The same year that King Tut took power, he married Ankhesenamun, his half sister and the daughter of Nefertiti. It is known that the couple had two daughters, both likely to have been stillborn. Due to Tutankhaten’s young age when he took power, an elder who bore the title of Vizier controlled the first years of his reign. Ay was assisted by Horemheb, Egypt’s top military commander at the time. Both men reversed Akhenaten’s decree to worship Aten, in favor of the traditional polytheistic beliefs. Tutankhaten changed his name to Tutankhamun, which means “the living image of Amun,” and had the royal court moved back to Thebes.

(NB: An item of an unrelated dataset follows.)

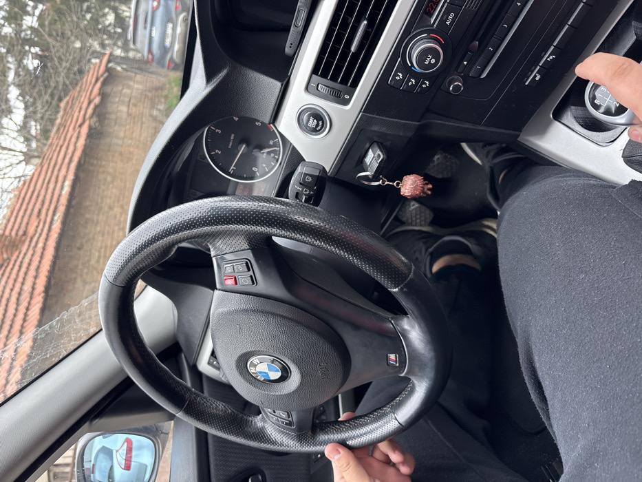 The image depicts the interior of a BMW vehicle, observed from the driver's perspective, looking forward through the windshield. A person, clothed in dark attire and sneakers, occupies the driver's seat. The individual's left hand is positioned on the black, leather-wrapped, perforated steering wheel, which bears a BMW logo and an "M" badge. The right hand rests on a manual transmission gear lever. A car key, accessorized with a reddish-brown, textured keychain charm, is inserted into the ignition slot on the dashboard. The dashboard displays an analog speedometer and tachometer, a "Start/Stop Engine" button, and a climate control panel indicating "22.0°". Through the windshield, an exterior street scene is visible under an overcast sky. In the mid-ground, an older building with a prominent reddish-brown tiled roof and light-colored walls is present. Further down the street, a blue/grey SUV with a Bulgarian license plate (partially visible, including "BH" and other alphanumeric characters) is parked or moving away. The presence of the Bulgarian license plate confirms the location as Bulgaria. While the image's context is specified as Kostinbrod, Bulgaria, no discernible landmarks within the visual evidence allow for a precise identification of a specific location within that city. The driver's side mirror reflects a portion of another light-colored vehicle. The upper left section of the windshield exhibits minor cracking or surface marks.
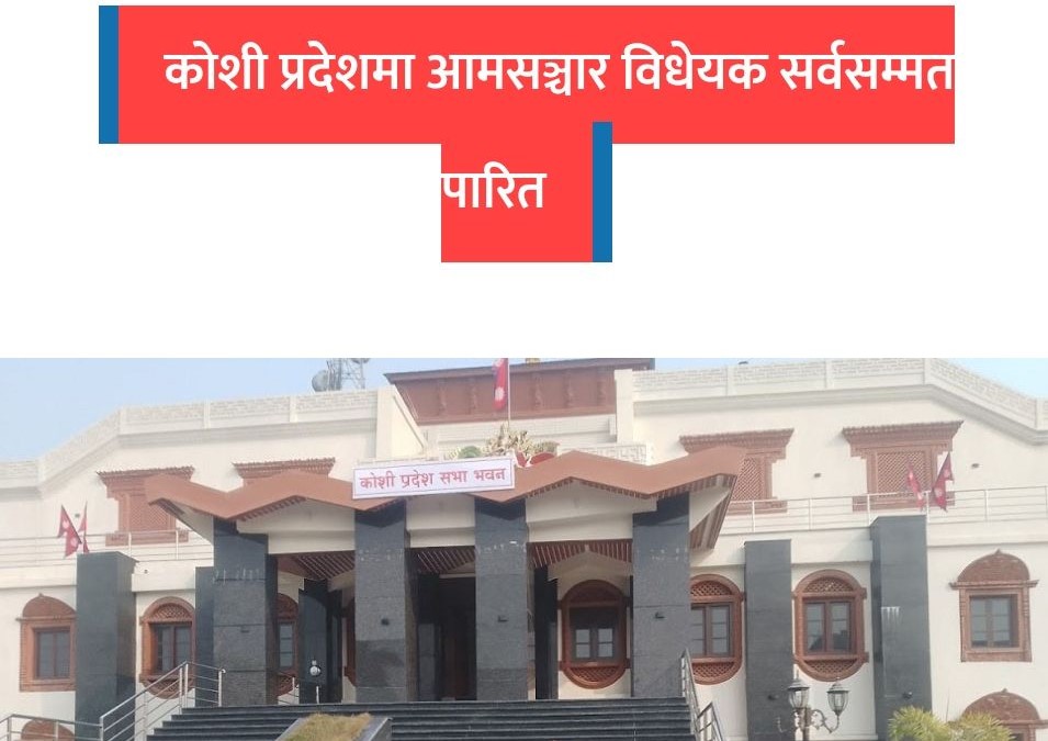 चैत २३ गते । कोशी प्रदेश सरकारले ल्याएको ‘आमसञ्चार सम्बन्धमा व्यवस्था गर्न बनेको विधेयक’ प्रदेश सभाबाट सर्वसम्मत रूपमा पारित भएको छ ।

His death brought much turmoil to the court, causing many rivals to fight for the throne. King Tutankhamen was buried in a tomb in the Valley of the Kings. His body was preserved in the traditional fashion of mummification, but buried seventy days later. There are no known records of King Tut after his burial and he remained virtually unknown. Even the location of his tomb was lost until 1922.


Much of what we know today about King Tut derives from his tomb found in 1922 by British archaeologist Howard Carter. On November 26, 1922, Carter and fellow archaeologist George Herbert entered the chambers of the tomb. To their amazement, they found much of its contents and structure miraculously intact. One artifact was the death mask that is now damaged due to failure of following protocol.


The initial damage took place in August 2014, when the beard originally fell off during cleaning and was quickly glued on with a substantial amount of epoxy, but officials didn’t look into the damage until last year. The glue caused further damage to the 3,300-year-old mask.


“ ‘In an attempt to cover up the damage they inflicted, they used sharp instruments such as scalpels and metal tools to remove traces of adhesive on the mask, causing damage and scratches that remain,’ it said, citing an investigation.” courtesy ABC news.


The experts did their best to restore the mask to its previous state back in August and now must do the same.


“The eight employees currently awaiting trial include the former director of the museum, which contains the world’s most extensive collection of Egyptians antiquities, as well as three restoration experts and four conservation officials at the Ministry of Antiquities,” said the Christian Science Monitor.


The eight people who will be charged are six restorers and two former heads of the restoration section of the museum. It is not yet said when the trial will be.